▸ **Data**:
----

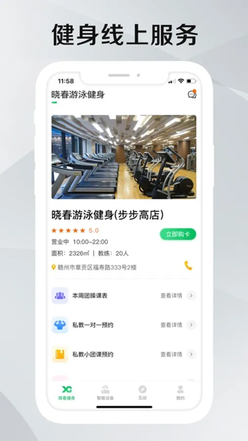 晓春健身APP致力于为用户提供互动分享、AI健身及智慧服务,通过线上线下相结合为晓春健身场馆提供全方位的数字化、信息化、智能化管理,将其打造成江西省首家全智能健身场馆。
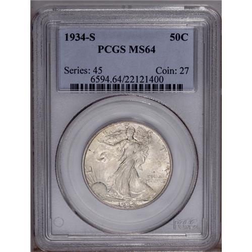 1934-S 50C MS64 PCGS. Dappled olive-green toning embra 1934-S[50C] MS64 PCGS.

----

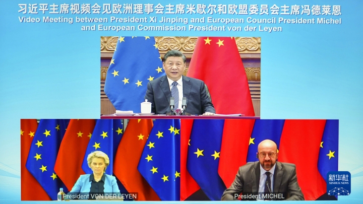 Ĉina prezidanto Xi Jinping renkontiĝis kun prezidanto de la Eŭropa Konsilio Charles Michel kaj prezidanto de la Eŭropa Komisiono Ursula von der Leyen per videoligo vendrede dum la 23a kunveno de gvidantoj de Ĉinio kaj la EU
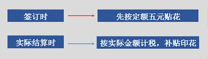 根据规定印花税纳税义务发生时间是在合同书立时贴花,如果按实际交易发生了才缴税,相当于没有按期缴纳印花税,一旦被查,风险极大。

----

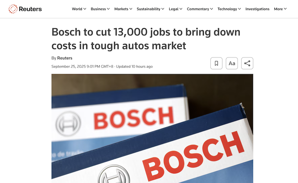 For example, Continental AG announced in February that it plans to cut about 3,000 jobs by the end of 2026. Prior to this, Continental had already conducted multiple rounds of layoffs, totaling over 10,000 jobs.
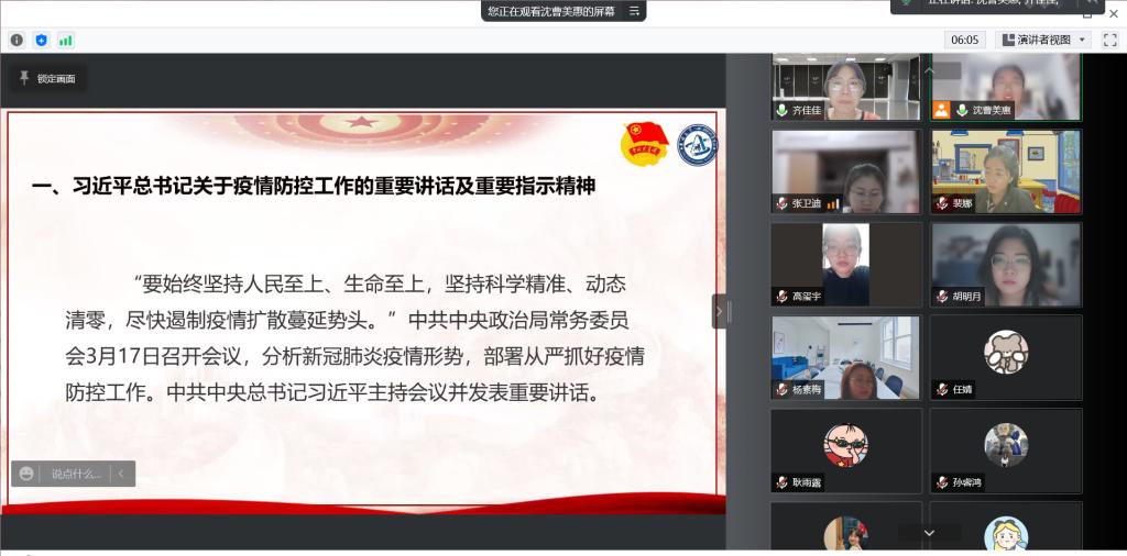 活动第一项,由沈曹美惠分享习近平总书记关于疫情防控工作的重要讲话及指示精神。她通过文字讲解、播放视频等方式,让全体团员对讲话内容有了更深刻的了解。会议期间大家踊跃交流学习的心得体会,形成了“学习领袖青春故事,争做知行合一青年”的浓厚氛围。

----

Give again, exactly as written above, every line from the one holding "晓春健身APP致力于为用户提" to the one holding "1934-S 50C MS64", with both ends kept and the pictures left out.

▸ **Output for this exercise**:
 晓春健身APP致力于为用户提供互动分享、AI健身及智慧服务,通过线上线下相结合为晓春健身场馆提供全方位的数字化、信息化、智能化管理,将其打造成江西省首家全智能健身场馆。
 1934-S 50C MS64 PCGS. Dappled olive-green toning embra 1934-S[50C] MS64 PCGS.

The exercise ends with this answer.